**EXERCISE:**
Output only the lines that run from the one with "Рис. 1. Структура" to the final line of the material, exactly as they are written.

**INFORMATION SHOWN:**
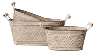
Cod: DM 5044 Des: Ceste ovali manici rombo S/3 Note: 32x18x14, 26.5x16x13, 22x13x11
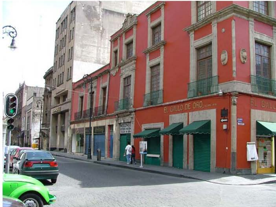
CANTINA EL GALLO DE ORO BOLIVAR Y VENUSTIANO CARRANZA
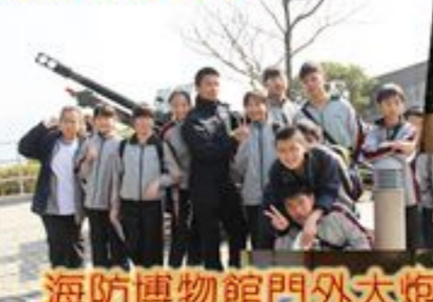
海防博物館門外大炮
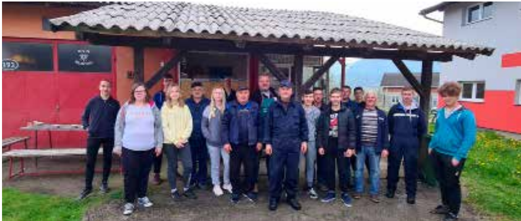
Volonteri Zelene čistke Bedenec 2022.

Vreski, Vuglači i Novaki. Osim standardnog otpada koji se nakupi kroz godinu, bilo je tu i odbačenog krupnog otpada pa se tako na skupljenoj hrpi u Bedencu mogla vidjeti i veća količina metala, posebno ple-tiva i žice, ali i puno plastike i stakla.
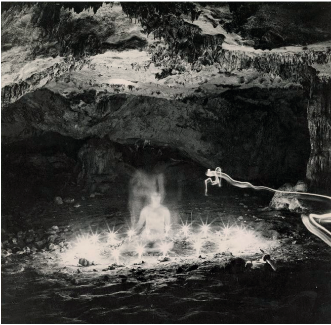
Imagen 1: M. B. Edelson, Grapceva Neolithic Cave See for Yourself , 1977.
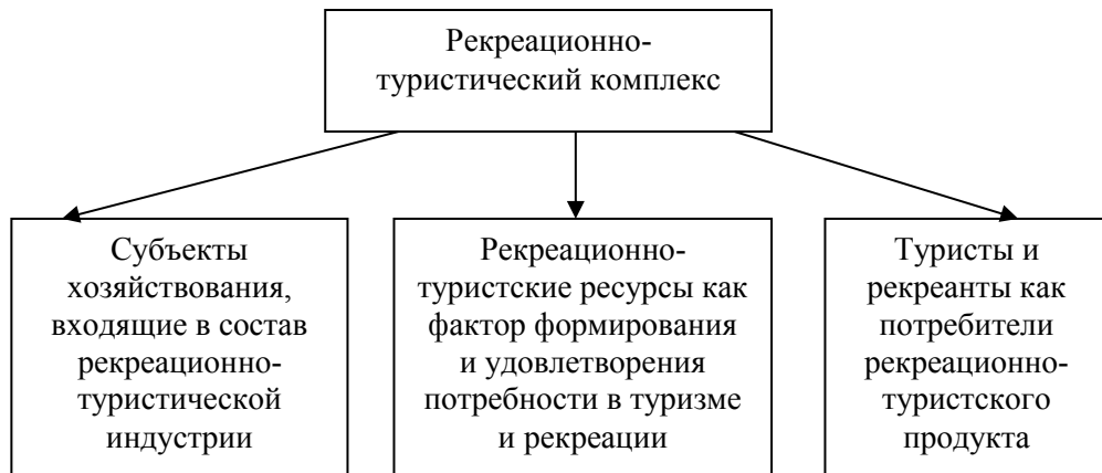
Рис. 1. Структура рекреационно-туристического комплекса.

Структура рекреационного комплекса представлена субъектами рекреационно-туристической индустрии, ресурсами и потребителями (рисунок 1). При этом рекреационно-туристический комплекс постоянно подвержен изменениям, что требует выявления динамики развития рекреационно-туристических услуг на территории РК. Так, в 2014 г. количество рекреантов, прибывших на отдых и лечение, составило 196,3 тыс. чел., что на 11,4 % больше, чем в предыдущем году. В структуре объема реализации туруслуг наибольший процент занял внутренний туризм – 71 %, на втором месте – иностранный – 28,6 %. При этом большая часть отдыхающих прибыла на полуостров авиатранспортом – 2 млн 998 тыс. человек – и железнодорожным транспортом – почти 620 тыс. человек.

**WRITTEN REPLY:**
Рис. 1. Структура рекреационно-туристического комплекса.

Структура рекреационного комплекса представлена субъектами рекреационно-туристической индустрии, ресурсами и потребителями (рисунок 1). При этом рекреационно-туристический комплекс постоянно подвержен изменениям, что требует выявления динамики развития рекреационно-туристических услуг на территории РК. Так, в 2014 г. количество рекреантов, прибывших на отдых и лечение, составило 196,3 тыс. чел., что на 11,4 % больше, чем в предыдущем году. В структуре объема реализации туруслуг наибольший процент занял внутренний туризм – 71 %, на втором месте – иностранный – 28,6 %. При этом большая часть отдыхающих прибыла на полуостров авиатранспортом – 2 млн 998 тыс. человек – и железнодорожным транспортом – почти 620 тыс. человек.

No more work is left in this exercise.